#### Stored records
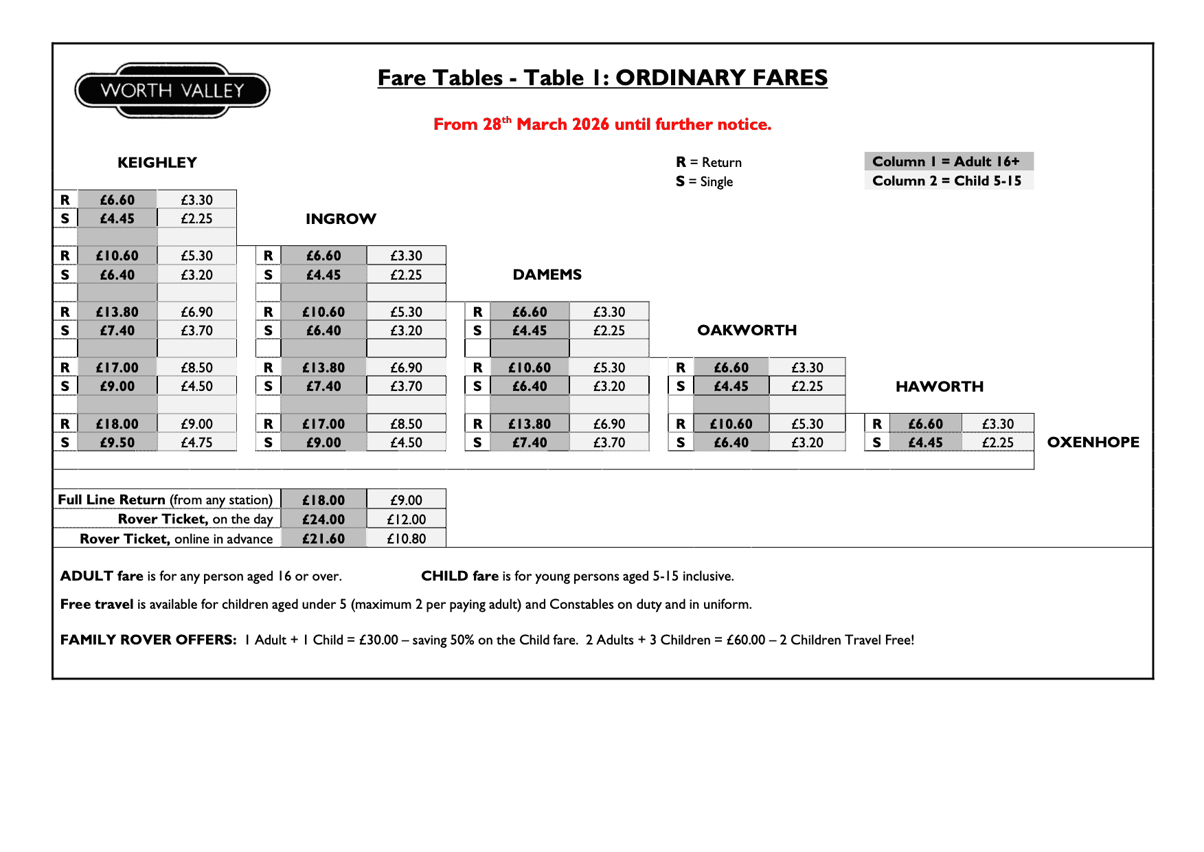| Children (5-15) | £11.50 | £10.35 |
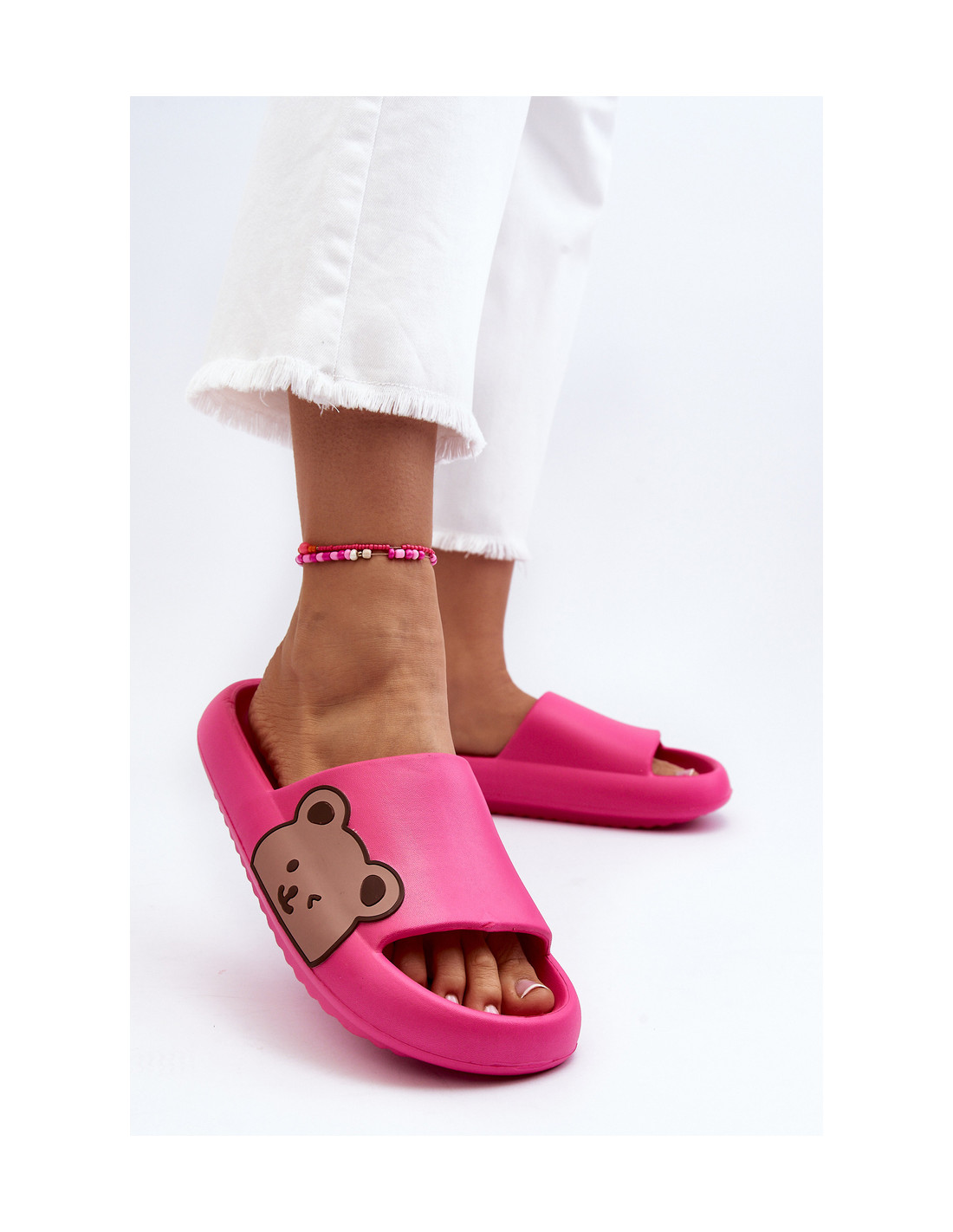 Žavingos moteriškos šlepetės yra pagamintos iš putplasčio medžiagos. Batviršio šone yra mielas meškiuko motyvas. Šis modelis buvo sumontuotas ant masyvios platformos. Taip pat galite juos naudoti kaip kambarinius batus, o ne šlepetes. Šį lengvą modelį itin patogu naudoti. Jūs tikrai turėtumėte juos turėti! Renkantis dydį, vadovaukitės dydžių lentele.
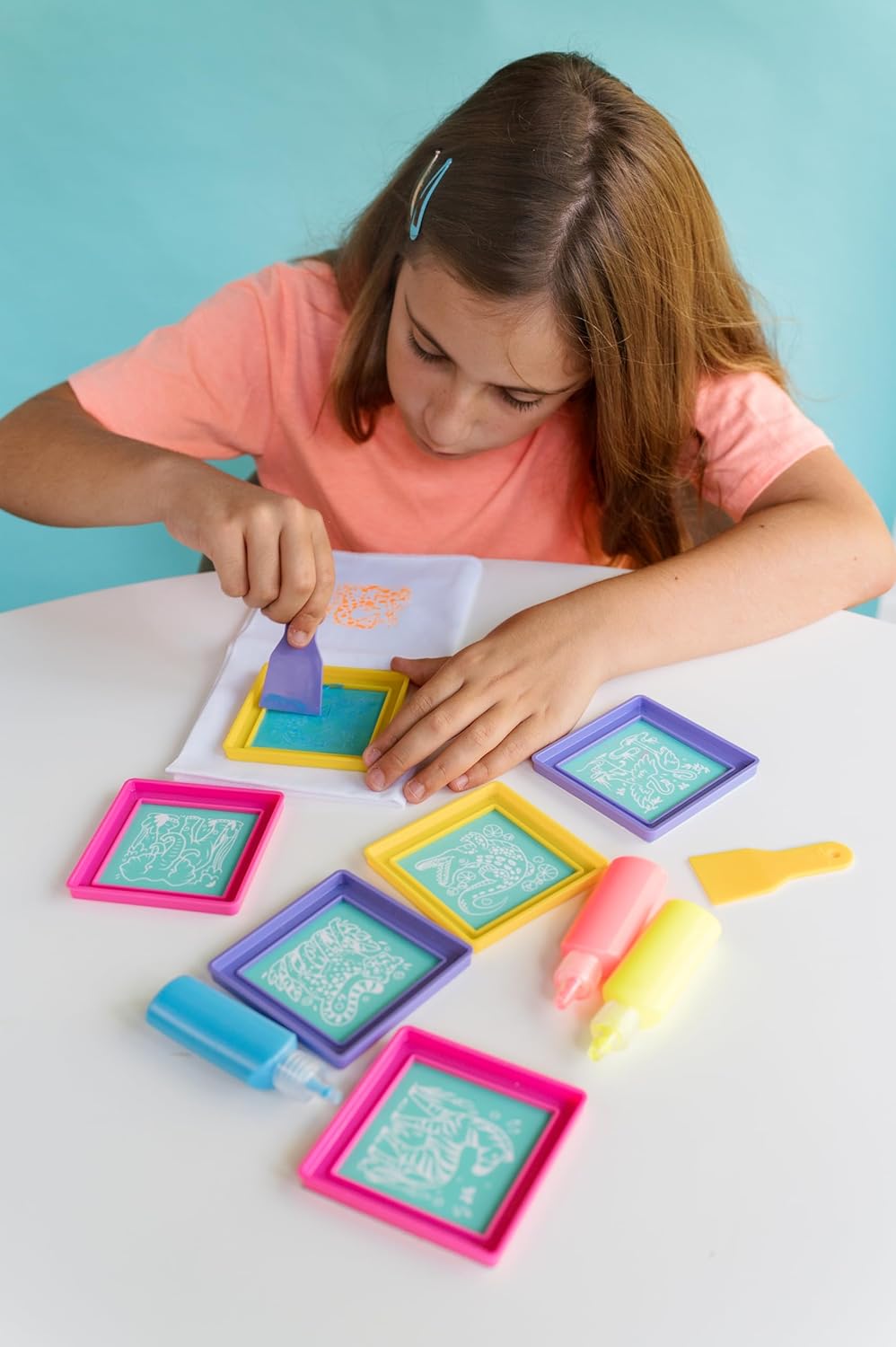 Includes a 50x50cm fabric cloth for first print projects. Use the kit to print on t-shirts, tote bags, cushions, etc (not included). 3 colours are included but kids can have fun mixing them up to create extra colours.
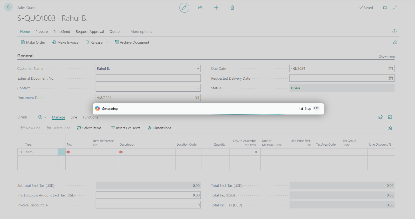 Microsoft is rapidly integrating Copilot across its ecosystem, empowering users with AI-driven assistance in various business processes. As enterprise systems become more connected, AI gains deeper access to data, enabling automation that eliminates tedious tasks and lets users focus on strategic decisions. In Dynamics 365, Copilot can help sales teams by generating Sales Quote Lines or Sales Order Lines by providing a rough prompt.
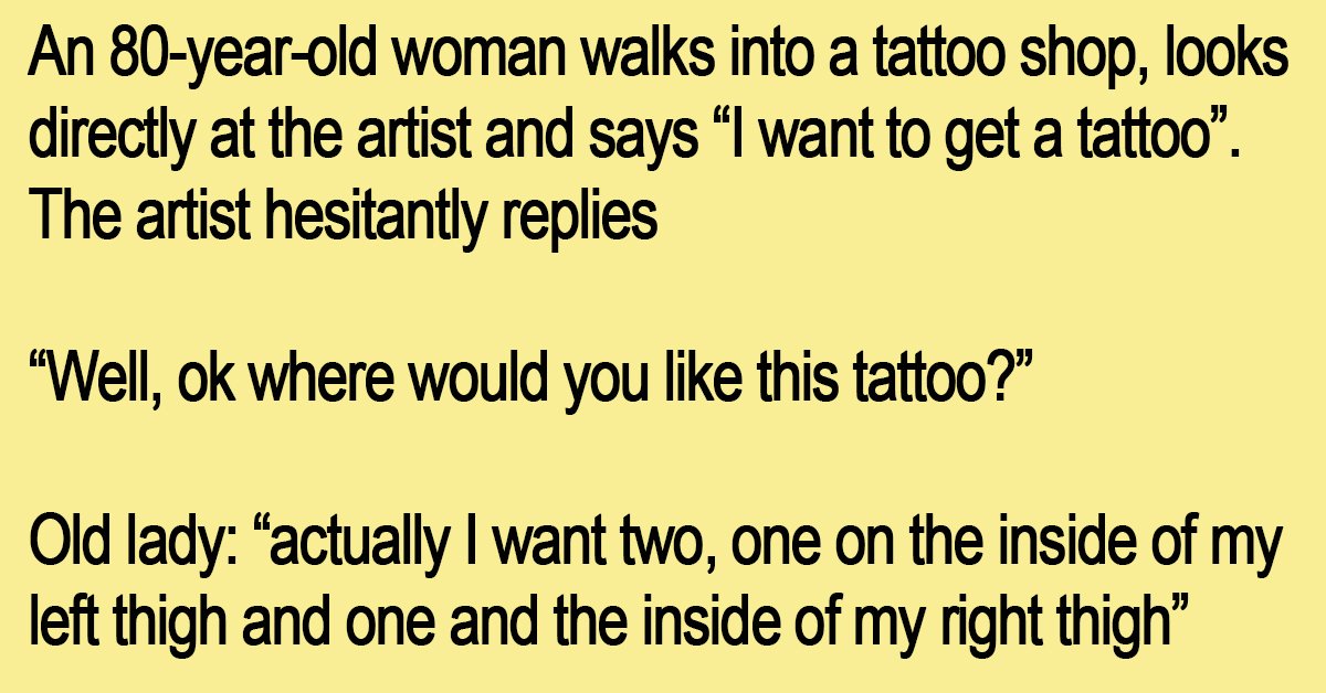 An 80-year-old woman walks into a tattoo shop, looks directly at the artist and says

#### WORK TO COMPLETE
Give back exactly the lines from the top of the records to the line containing "Includes a 50x50cm", both included, and no pictures.

#### TASK SOLUTION
| Children (5-15) | £11.50 | £10.35 |
 Žavingos moteriškos šlepetės yra pagamintos iš putplasčio medžiagos. Batviršio šone yra mielas meškiuko motyvas. Šis modelis buvo sumontuotas ant masyvios platformos. Taip pat galite juos naudoti kaip kambarinius batus, o ne šlepetes. Šį lengvą modelį itin patogu naudoti. Jūs tikrai turėtumėte juos turėti! Renkantis dydį, vadovaukitės dydžių lentele.
 Includes a 50x50cm fabric cloth for first print projects. Use the kit to print on t-shirts, tote bags, cushions, etc (not included). 3 colours are included but kids can have fun mixing them up to create extra colours.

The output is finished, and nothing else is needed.